Harry again tacked over to the Halloween display. “Whoever killed Josh Hill had to have seen this scarecrow. It looks exactly the same. So the killer is someone who comes through here regularly.”

“Maybe. It could also be someone with a good memory or someone who took a picture on their phone. That could be just about anyone.”

“You’re right. I’m jumping to conclusions.”

“They should make that an Olympic sport.” Susan put her hand under Harry’s elbow to steer her out of the store.

They walked over to Number 8, which had a courtyard featuring large outdoor sculptures for sale.

“I like the large horse.” Harry stood next to an almost life-sized horse resembling the horses of Piazza San Marco. “Can you imagine what would happen if I put one by the barn?”

Both women laughed. They knew the statue would spook the real horses, although eventually they would adjust.

Susan flipped the price tag over. “You’ll need smelling salts.”

Harry bent over to peer at the tag. “Nine thousand dollars!”

“You pay for your pleasures.” Susan checked her watch. “Speaking of which, if I stay here, I am going to spend money, and I don’t have it right now. Ned isn’t making as much at the law firm. He’s in session and there goes the income. He thought he could swing it, but there’s so much to do down in Richmond, so many meetings and so much material to master, plus he had to rent an apartment. It’s overwhelming. Yet he loves being in our House of Delegates. Anyway, I’m thinking of finding a job.”

Once they were back in the car and heading home, Harry said, “Your kids are out of the house. No reason you can’t work full-time.”
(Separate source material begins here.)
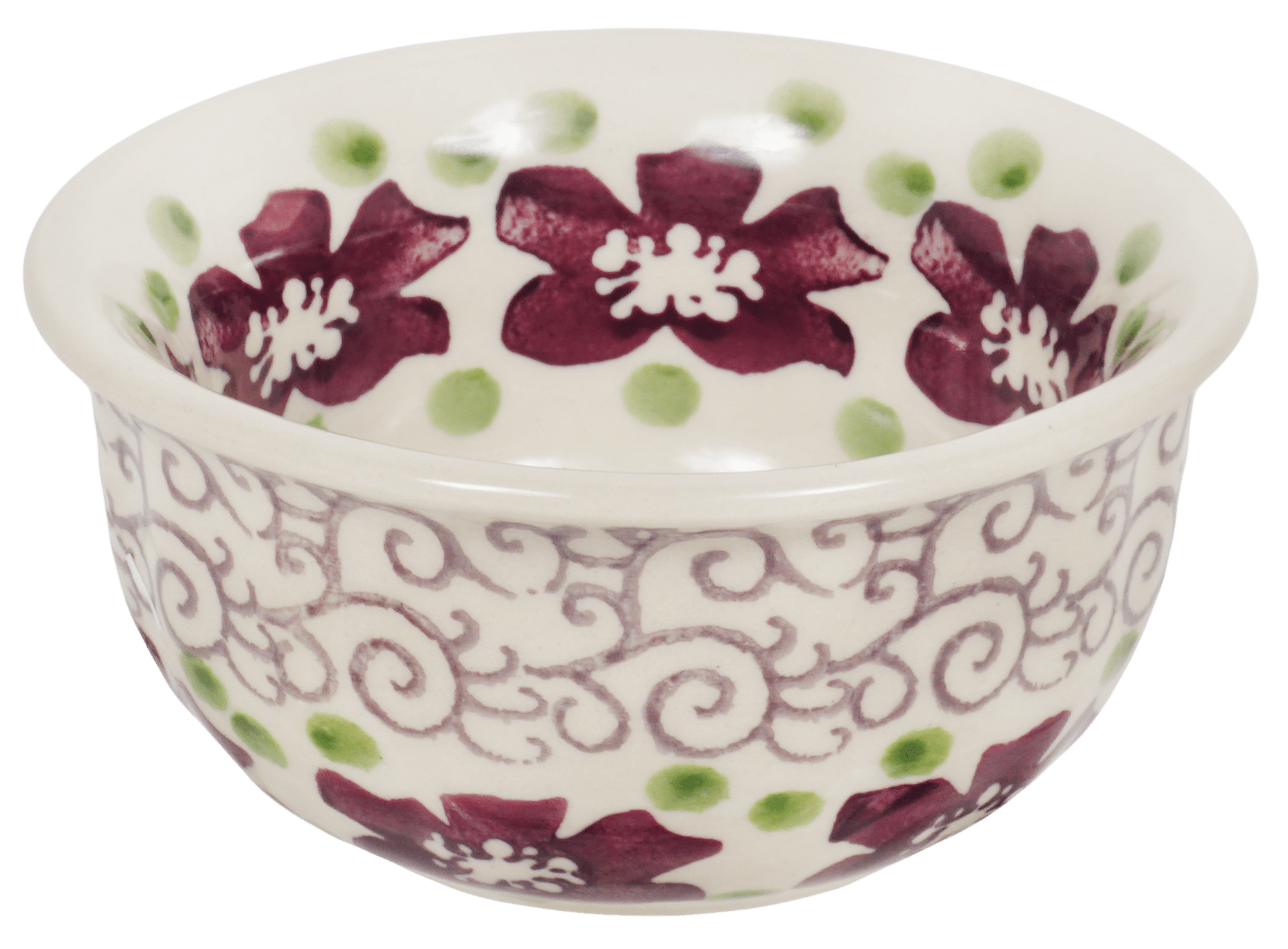Imagine a touch of elegance and tradition gracing your table with the enchanting Manufaktura Polish Pottery Bowl. Crafted in the heart of Boleslawiec, Poland, this 3.5-inch bowl, adorned in the captivating "Merlot Garden" pattern, is not just a dish but a piece of art. The delightful design showcases a white background with whimsical light gray swirls at the center, encircled by a band of rosy brown flowers. Small lime green dots playfully dot the edge, bringing a burst of color and joy to any setting. Perfect as a ramekin or dipping bowl, its slightly scalloped sides add a hint of sophistication to its charming allure.

“When we graduated from college and I got my first job as a legal assistant, I remember shopping in the supermarket, seeing the women at the checkout counters and wondering what went wrong. You know what I mean? How did they wind up in that job?”

“I never thought about it. You were,
are
, better about that stuff than I am.” Harry put on her sunglasses.

“Well, I thought maybe those cashiers had picked the wrong man. He’d left them high and dry and with children. Or they were people who didn’t plan ahead and one day woke up at forty. As years rolled along, I realized that sometimes bad luck rolls over someone like a tide. I felt less superior after that. Now I look at those women and think it could be me, you know?”

Harry thought for a long time. “I don’t. Susan, I always knew I would farm.”

“But what if the crop failed year after year? What if you became injured?”

“I have had crops fail and I survived, on not much. I figure whatever happens, I can deal with it. ’Course, it’s easier now with Fair. My hardest times were without him.”

“It preys on my mind, finding Hester like that,” said Susan. “She never expressed fears. But I think maybe her ideas—like aliens being responsible for crop circles, stuff like that—maybe that was how she expressed fear.”

“Susan, you might be right. I don’t know. I don’t look into other people like you do or like Fair does; I kind of take everyone at face value.”

“What if they’re hiding behind a mask?”
Tucker wondered.

A
lthough two hundred and twenty years old, the organ at St. Luke’s sounded as good as the day it was installed, twenty years after the church’s cornerstone was laid, and possibly even better, for time had enriched the sounds. The early small congregations had worked tirelessly to afford such a wonderful organ. Subsequent generations of worshippers continued to give thanks.

This Sunday morning, even Cazenovia, Lucy Fur, and Elocution luxuriated in the deep reverberations of the low notes, the sparkle of the high. While Reverend Jones delivered his sermon, the three cats sat in the balcony along with the organist and the robed choir. Occasionally the choir would sing down below, but somehow their voices always sounded better from the balcony. As the cats often attended services, none of the choir members paid them any mind.